▸ **Data below**
----

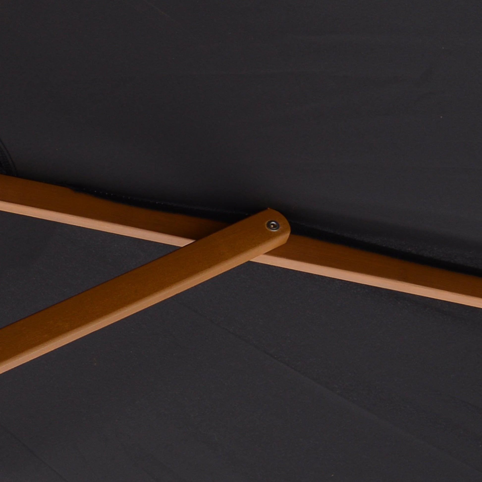 - 2.5m parasol supported by 6 wooden ribs.
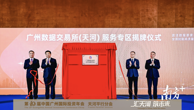 4月9日下午,第十届中国广州国际投资年会天河平行分会在广州四季酒店举办。会议以“汇天河 筑未来”为主题,广邀各界精英围绕天河区高质量发展和投资机遇展开对话、探讨合作、共商发展。广州数据交易所(天河)服务专区在此次投资年会上揭牌,全市首家数据交易服务专区正式落地天河。
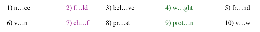 Автоматическая проверка в Word может избаловать кого угодно! И что самое ужасное – давно уже избаловала. Что мы реально вспомним без её помощи? А теперь давайте договоримся. Сегодня я предлагаю вам 50 слов, в которых нужно заполнить пропуски сочетаниями букв ie и ei. При выполнении этого задания вы не должны пользоваться автопроверкой и словарями– пора проверить свои настоящие знания! Уровень 1. Уровень 1. Ответы. 1) niece, 2) field, 3) believe, 4) weight, 5) friend 6) vein, 7) chief, 8) priest, 9) protein, 10) view Уровень 2. Уровень 2. Ответы. 1) foreign, 2) thief, 3) brief, 4) neighbour, 5) ceiling 6) science, 7) neither, 8) sleigh, 9) cashier, 10) caffeine Уровень 3. Уровень 3. Ответы. 1) height, 2) receipt, 3) quiet, 4) shriek, 5) ancient 6) sheikh, 7) handkerchief, 8) hygiene, 9) receive, 10) rein Уровень 4. Уровень 4. Ответы. 1) grief, 2) yield, 3) beige, 4) pierce, 5) weird 6) relief, 7) reins, 8) diesel, 9) heir, 10) seize Уровень 5. Уровень 5. Ответы. 1) mischievous,
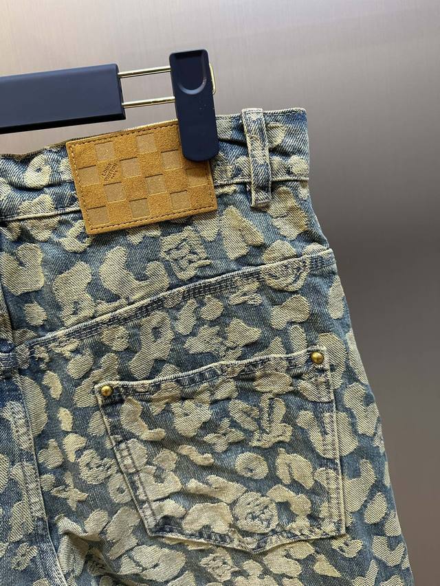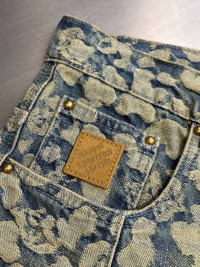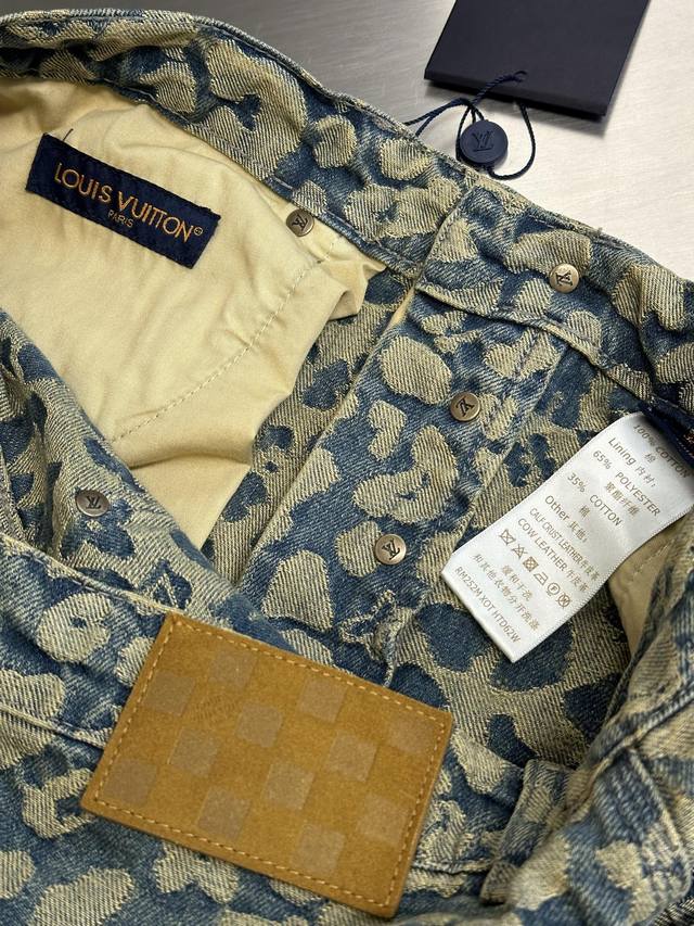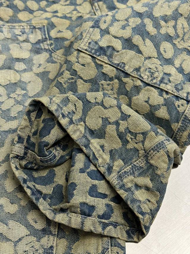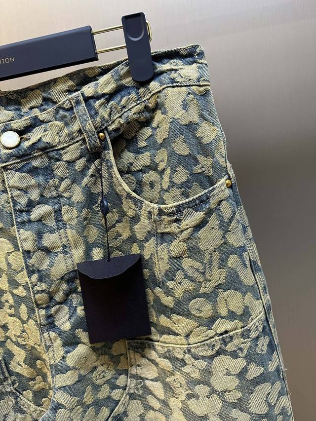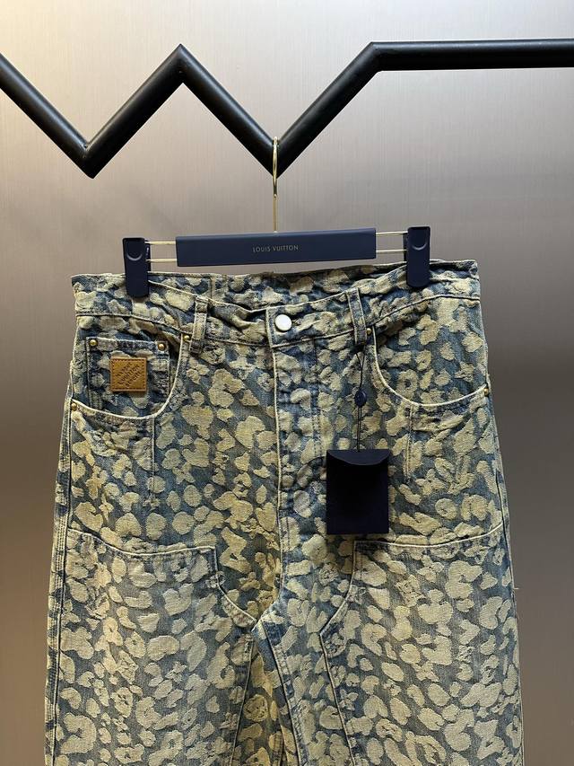 Lv Nigo Jacquard Cargo Jeans DDD This washed cargo jeans is from the Autumn/Winter collection created in collaboration between pharrell Williams and Nigo, offering a modern take on leopard print with a streetwear vibe. Nigo's classic camouflage jacquard design incorporates the Monogram logo, while the relaxed silhouette and patchwork construction inject a modern touch into a casual look. DDD Size: 30, 32, 34, 36 DDD

----

▸ **Goal of the exercise**
Would you repeat each line of the listing exactly, skipping any picture?

▸ **Answer space**
 - 2.5m parasol supported by 6 wooden ribs.
 4月9日下午,第十届中国广州国际投资年会天河平行分会在广州四季酒店举办。会议以“汇天河 筑未来”为主题,广邀各界精英围绕天河区高质量发展和投资机遇展开对话、探讨合作、共商发展。广州数据交易所(天河)服务专区在此次投资年会上揭牌,全市首家数据交易服务专区正式落地天河。
 Автоматическая проверка в Word может избаловать кого угодно! И что самое ужасное – давно уже избаловала. Что мы реально вспомним без её помощи? А теперь давайте договоримся. Сегодня я предлагаю вам 50 слов, в которых нужно заполнить пропуски сочетаниями букв ie и ei. При выполнении этого задания вы не должны пользоваться автопроверкой и словарями– пора проверить свои настоящие знания! Уровень 1. Уровень 1. Ответы. 1) niece, 2) field, 3) believe, 4) weight, 5) friend 6) vein, 7) chief, 8) priest, 9) protein, 10) view Уровень 2. Уровень 2. Ответы. 1) foreign, 2) thief, 3) brief, 4) neighbour, 5) ceiling 6) science, 7) neither, 8) sleigh, 9) cashier, 10) caffeine Уровень 3. Уровень 3. Ответы. 1) height, 2) receipt, 3) quiet, 4) shriek, 5) ancient 6) sheikh, 7) handkerchief, 8) hygiene, 9) receive, 10) rein Уровень 4. Уровень 4. Ответы. 1) grief, 2) yield, 3) beige, 4) pierce, 5) weird 6) relief, 7) reins, 8) diesel, 9) heir, 10) seize Уровень 5. Уровень 5. Ответы. 1) mischievous,
 Lv Nigo Jacquard Cargo Jeans DDD This washed cargo jeans is from the Autumn/Winter collection created in collaboration between pharrell Williams and Nigo, offering a modern take on leopard print with a streetwear vibe. Nigo's classic camouflage jacquard design incorporates the Monogram logo, while the relaxed silhouette and patchwork construction inject a modern touch into a casual look. DDD Size: 30, 32, 34, 36 DDD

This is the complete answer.